The reply should contain every entry exactly as given, with no pictures in it.

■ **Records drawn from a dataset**
<<<<

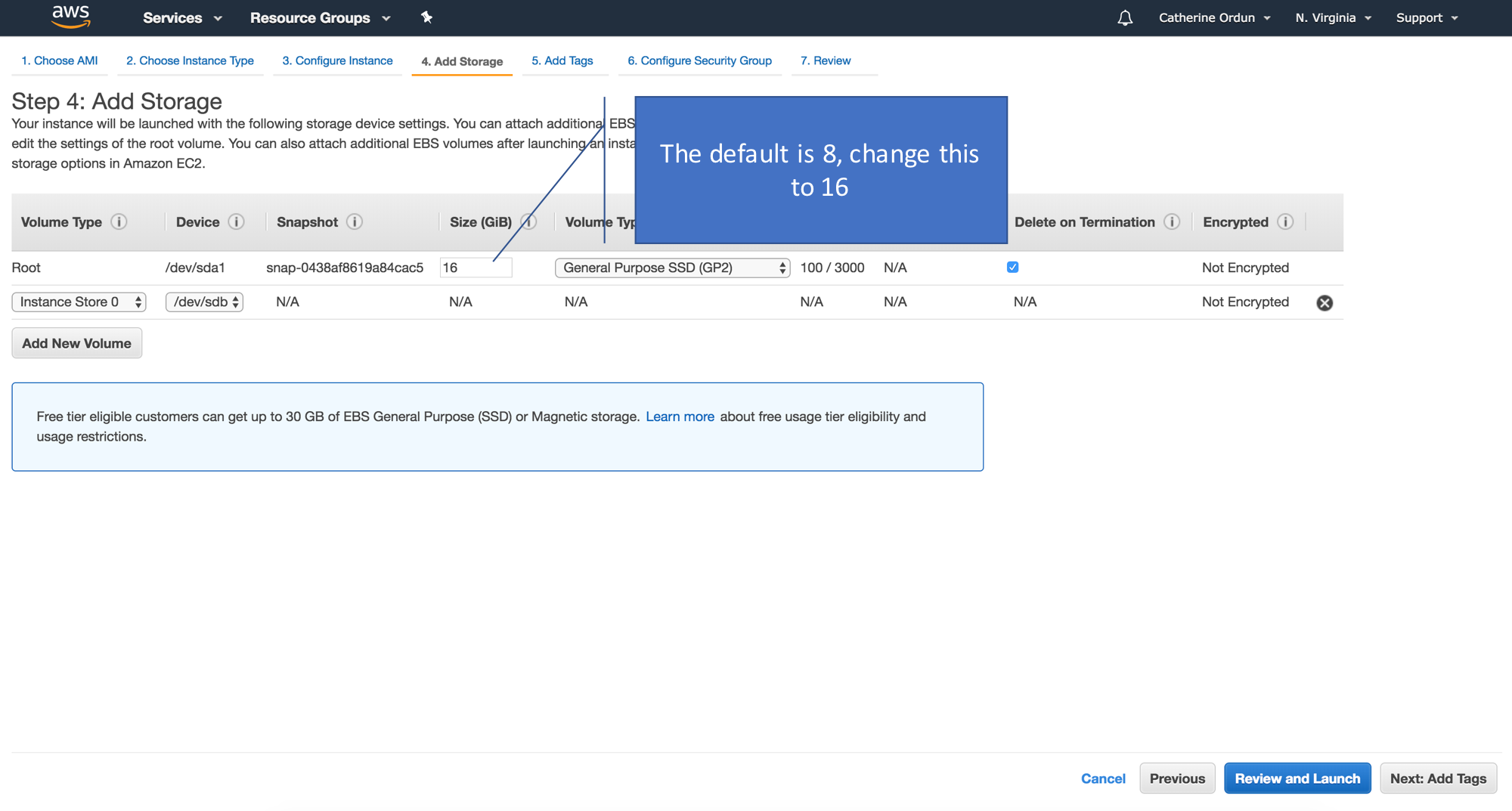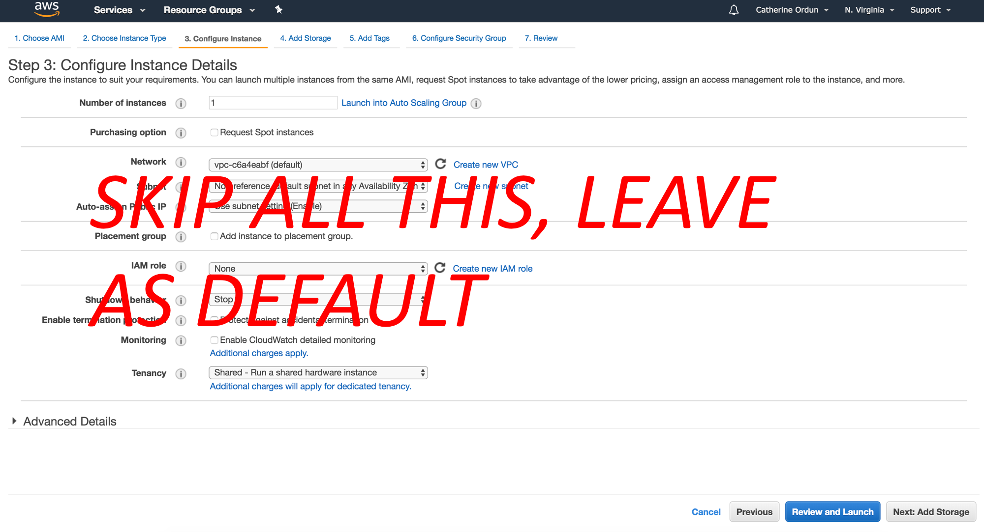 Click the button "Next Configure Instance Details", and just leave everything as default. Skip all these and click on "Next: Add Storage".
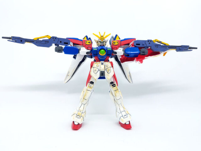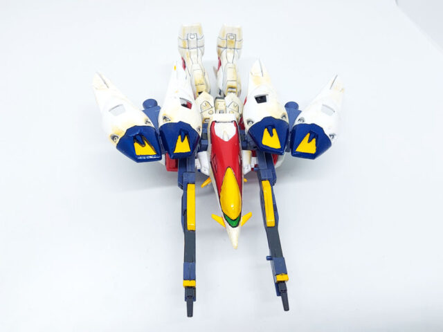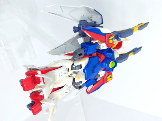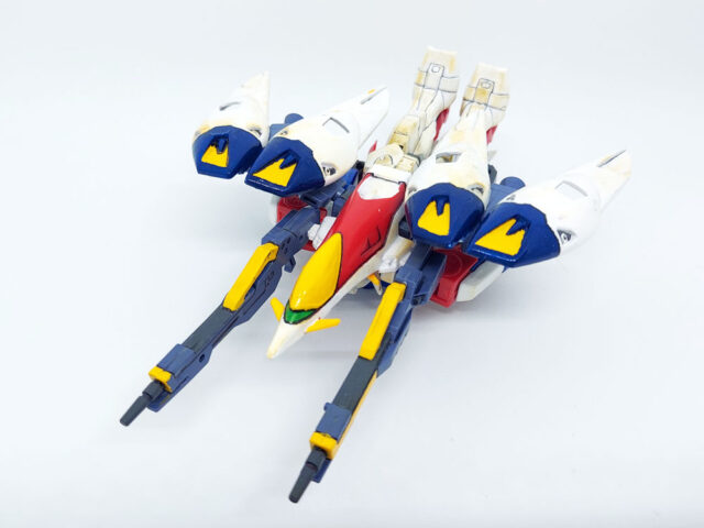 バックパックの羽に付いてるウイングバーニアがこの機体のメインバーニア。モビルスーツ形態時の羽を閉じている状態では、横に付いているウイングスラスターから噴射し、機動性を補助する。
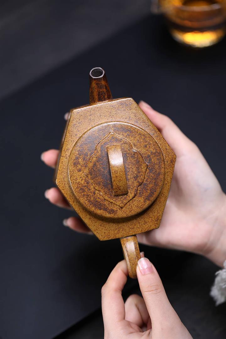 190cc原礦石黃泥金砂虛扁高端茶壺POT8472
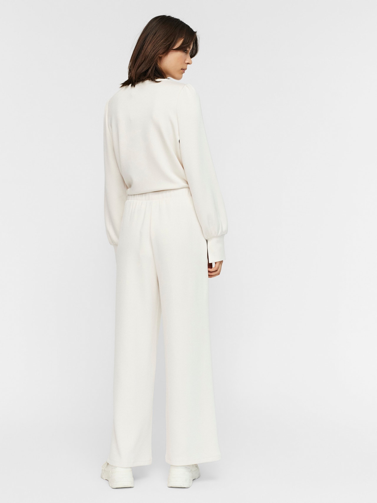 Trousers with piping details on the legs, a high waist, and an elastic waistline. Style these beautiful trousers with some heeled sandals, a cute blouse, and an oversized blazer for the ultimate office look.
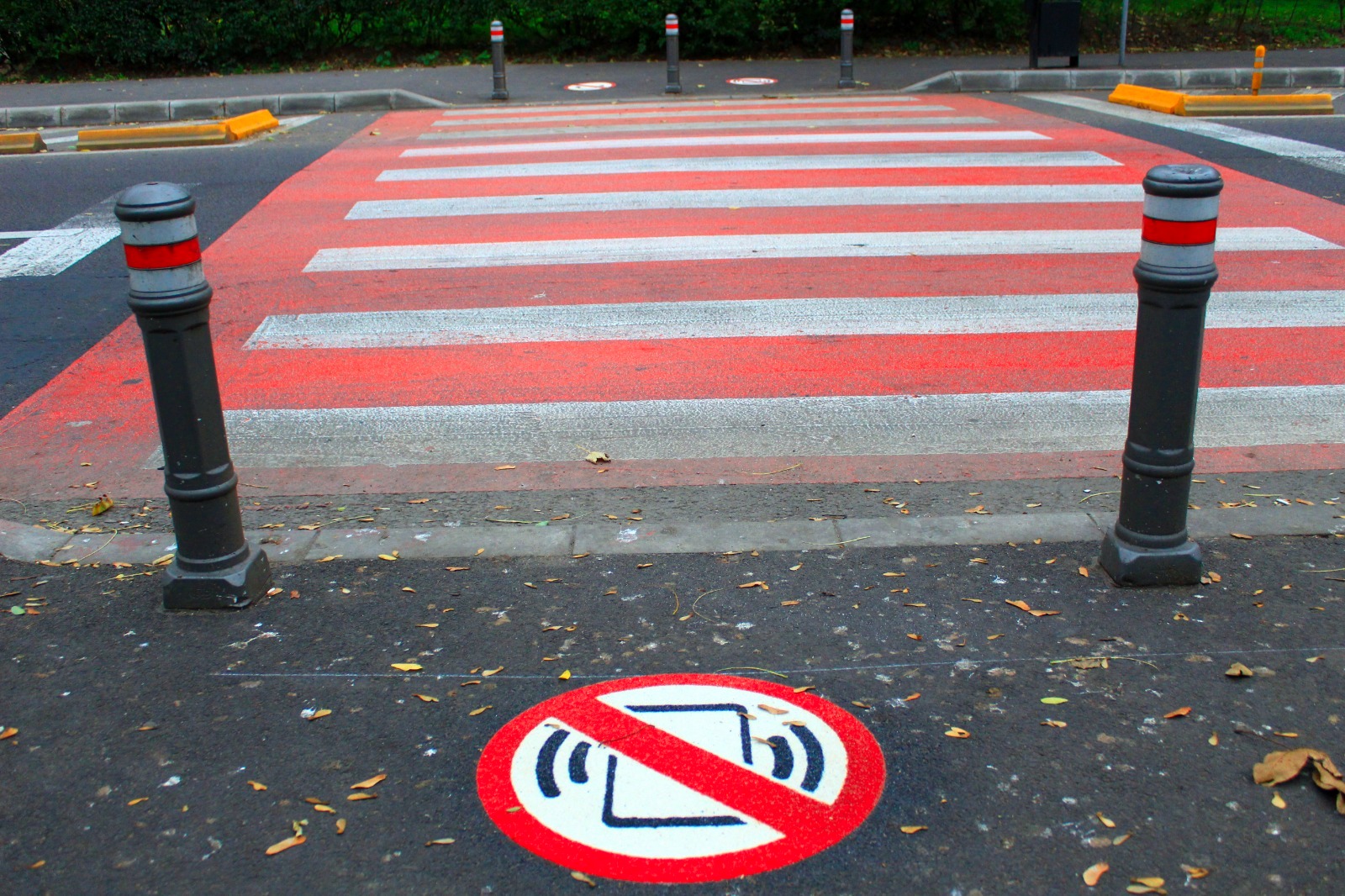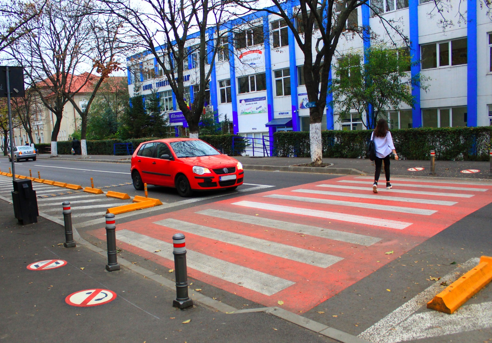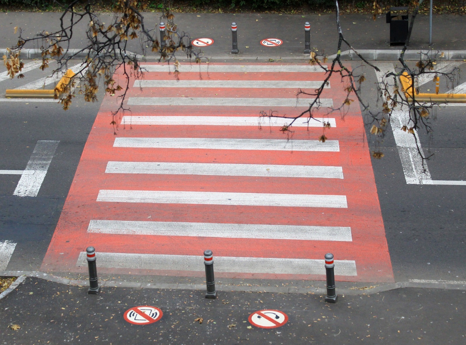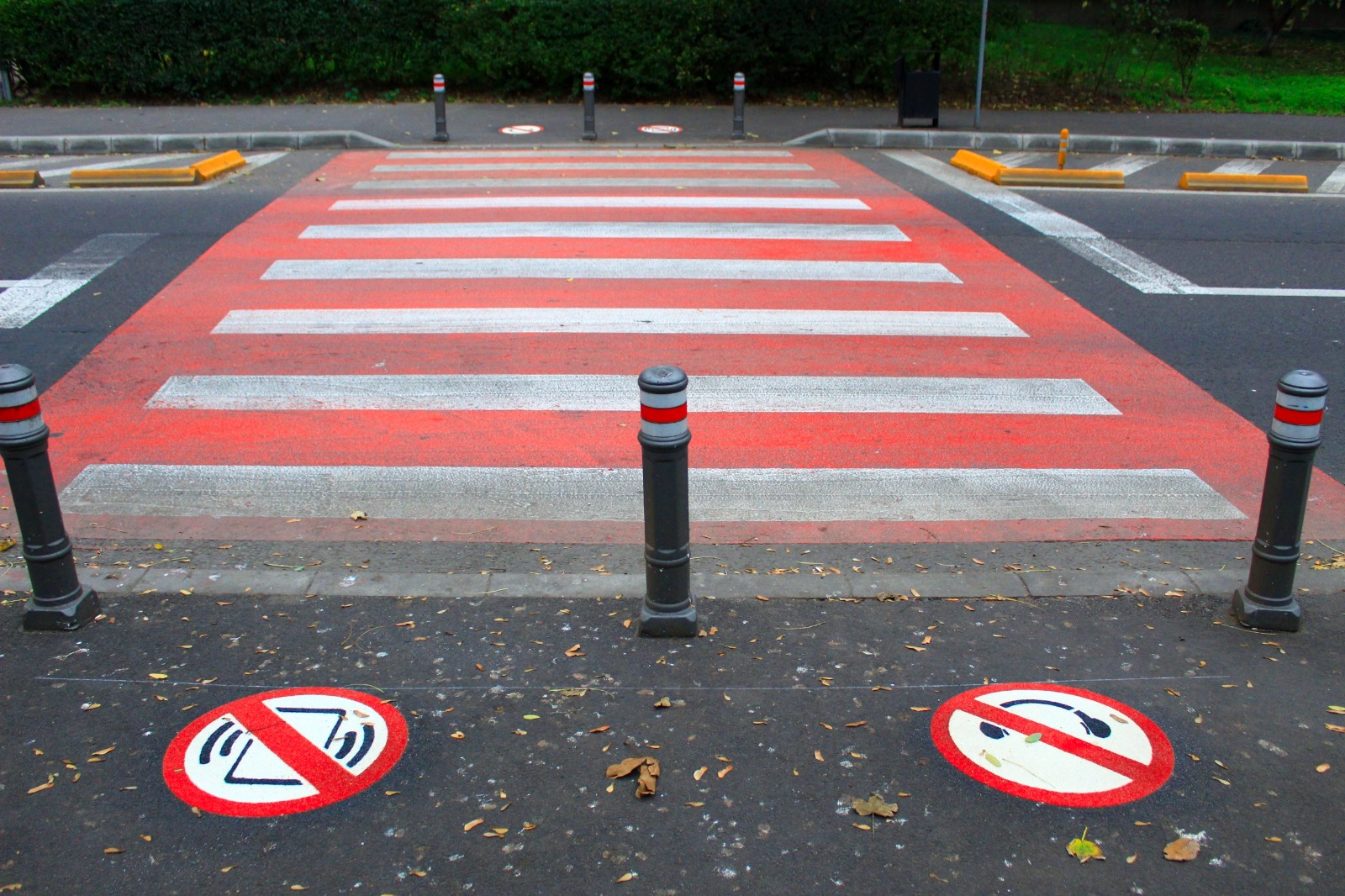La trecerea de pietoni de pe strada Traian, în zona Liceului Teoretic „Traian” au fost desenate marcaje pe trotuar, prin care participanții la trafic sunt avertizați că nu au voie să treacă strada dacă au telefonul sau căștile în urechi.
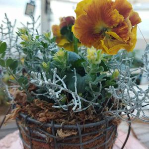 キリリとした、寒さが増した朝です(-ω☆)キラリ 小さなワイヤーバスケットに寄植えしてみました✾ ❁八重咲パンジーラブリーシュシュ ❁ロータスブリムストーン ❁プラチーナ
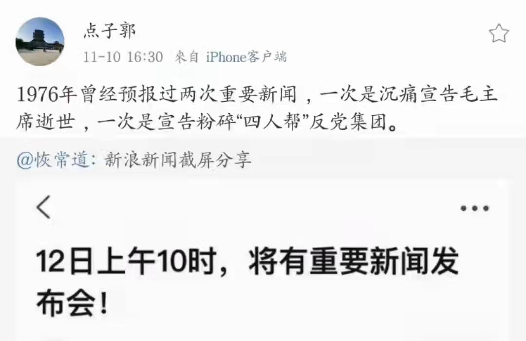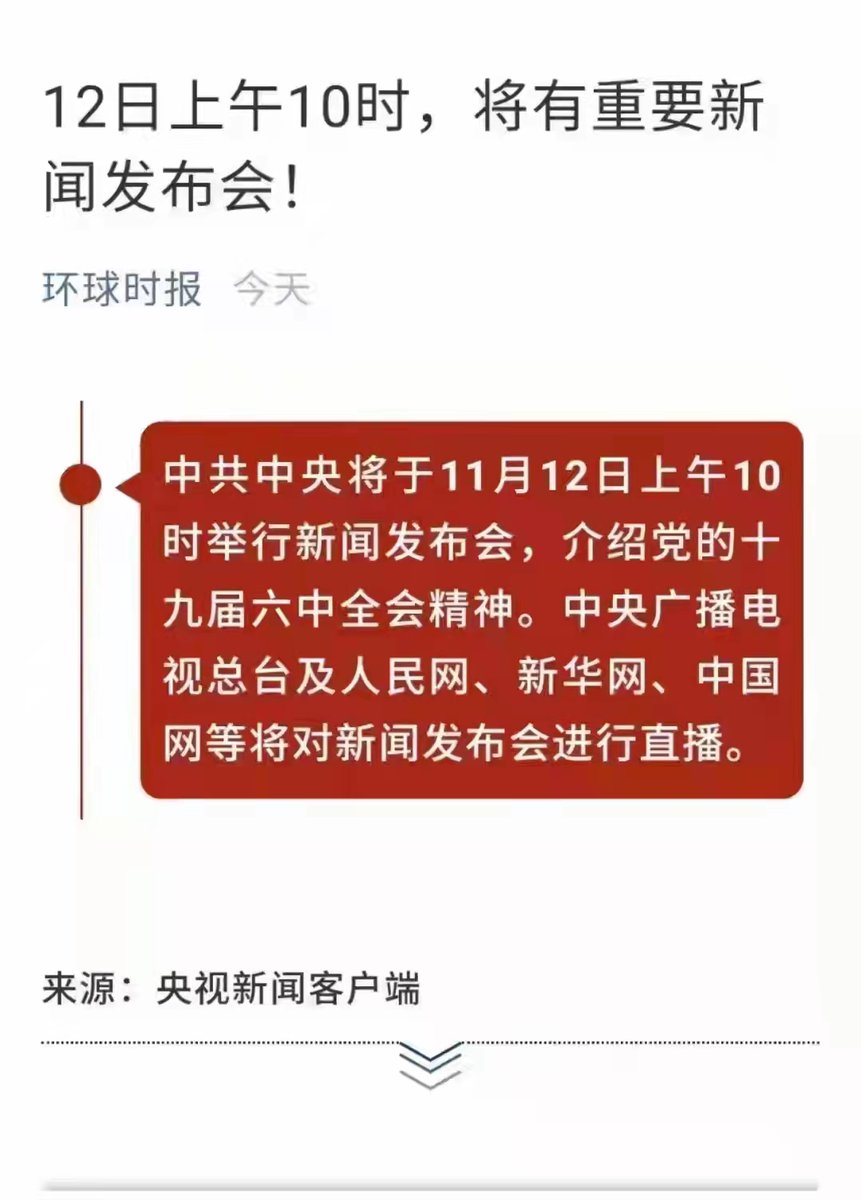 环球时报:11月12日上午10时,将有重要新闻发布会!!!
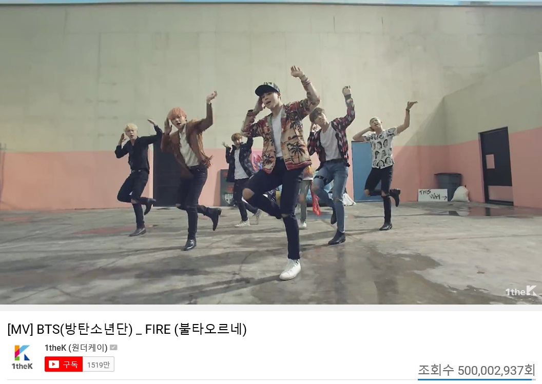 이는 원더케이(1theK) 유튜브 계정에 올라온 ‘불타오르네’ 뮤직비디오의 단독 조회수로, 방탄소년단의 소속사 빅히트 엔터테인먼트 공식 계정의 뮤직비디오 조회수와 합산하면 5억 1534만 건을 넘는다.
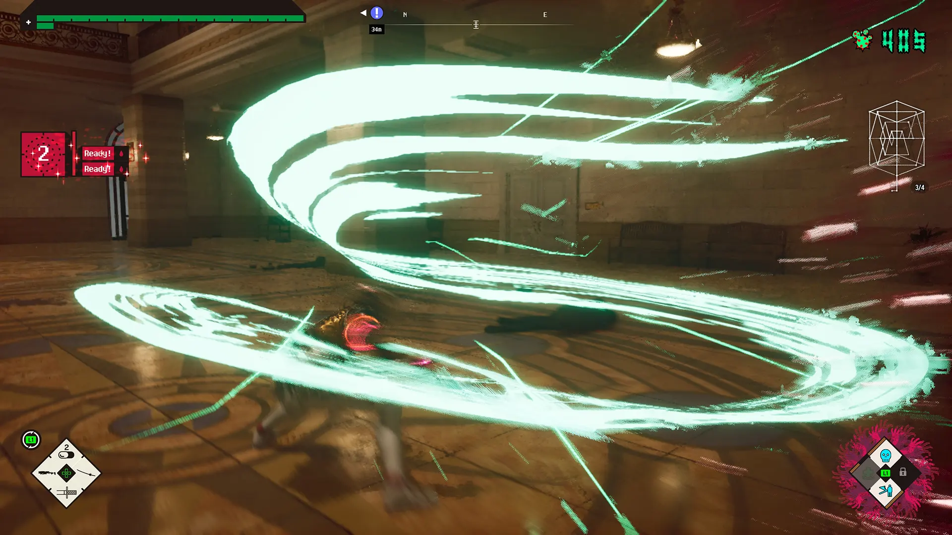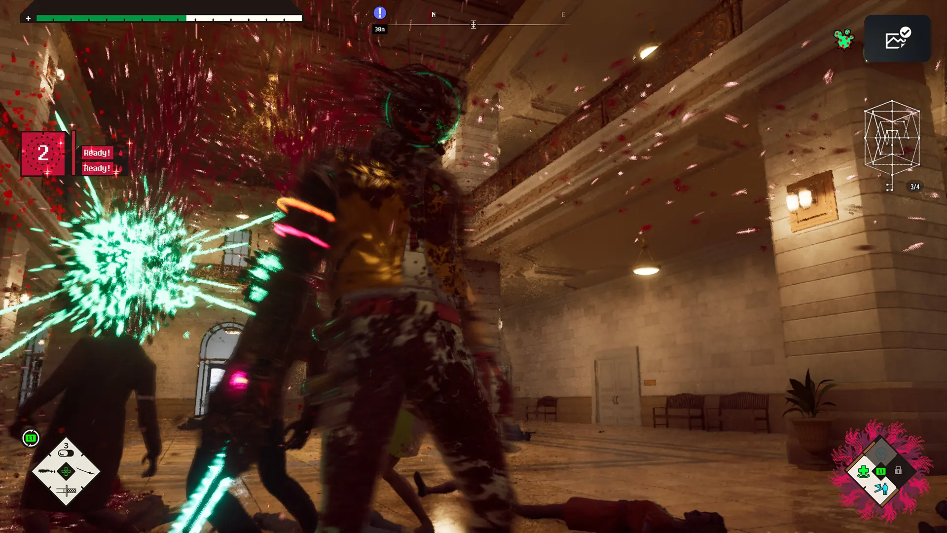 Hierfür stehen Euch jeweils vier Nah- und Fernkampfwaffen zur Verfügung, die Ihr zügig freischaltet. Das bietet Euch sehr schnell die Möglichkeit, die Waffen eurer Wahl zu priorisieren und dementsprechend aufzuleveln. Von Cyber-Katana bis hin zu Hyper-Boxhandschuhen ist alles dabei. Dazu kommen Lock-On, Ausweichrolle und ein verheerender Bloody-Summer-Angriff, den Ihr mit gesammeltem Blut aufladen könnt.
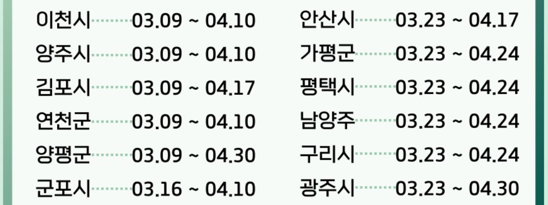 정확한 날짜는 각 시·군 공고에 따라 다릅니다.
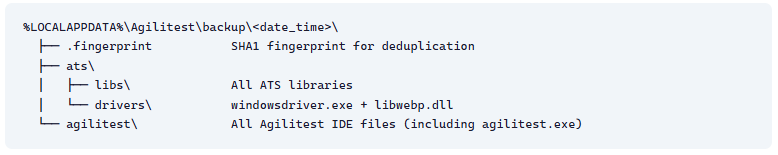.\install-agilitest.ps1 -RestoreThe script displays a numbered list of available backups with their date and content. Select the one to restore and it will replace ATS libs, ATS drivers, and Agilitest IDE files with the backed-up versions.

>>>>

■ **Finished task**
 Click the button "Next Configure Instance Details", and just leave everything as default. Skip all these and click on "Next: Add Storage".
 バックパックの羽に付いてるウイングバーニアがこの機体のメインバーニア。モビルスーツ形態時の羽を閉じている状態では、横に付いているウイングスラスターから噴射し、機動性を補助する。
 190cc原礦石黃泥金砂虛扁高端茶壺POT8472
 Trousers with piping details on the legs, a high waist, and an elastic waistline. Style these beautiful trousers with some heeled sandals, a cute blouse, and an oversized blazer for the ultimate office look.
La trecerea de pietoni de pe strada Traian, în zona Liceului Teoretic „Traian” au fost desenate marcaje pe trotuar, prin care participanții la trafic sunt avertizați că nu au voie să treacă strada dacă au telefonul sau căștile în urechi.
 キリリとした、寒さが増した朝です(-ω☆)キラリ 小さなワイヤーバスケットに寄植えしてみました✾ ❁八重咲パンジーラブリーシュシュ ❁ロータスブリムストーン ❁プラチーナ
 环球时报:11月12日上午10时,将有重要新闻发布会!!!
 이는 원더케이(1theK) 유튜브 계정에 올라온 ‘불타오르네’ 뮤직비디오의 단독 조회수로, 방탄소년단의 소속사 빅히트 엔터테인먼트 공식 계정의 뮤직비디오 조회수와 합산하면 5억 1534만 건을 넘는다.
 Hierfür stehen Euch jeweils vier Nah- und Fernkampfwaffen zur Verfügung, die Ihr zügig freischaltet. Das bietet Euch sehr schnell die Möglichkeit, die Waffen eurer Wahl zu priorisieren und dementsprechend aufzuleveln. Von Cyber-Katana bis hin zu Hyper-Boxhandschuhen ist alles dabei. Dazu kommen Lock-On, Ausweichrolle und ein verheerender Bloody-Summer-Angriff, den Ihr mit gesammeltem Blut aufladen könnt.
 정확한 날짜는 각 시·군 공고에 따라 다릅니다.
.\install-agilitest.ps1 -RestoreThe script displays a numbered list of available backups with their date and content. Select the one to restore and it will replace ATS libs, ATS drivers, and Agilitest IDE files with the backed-up versions.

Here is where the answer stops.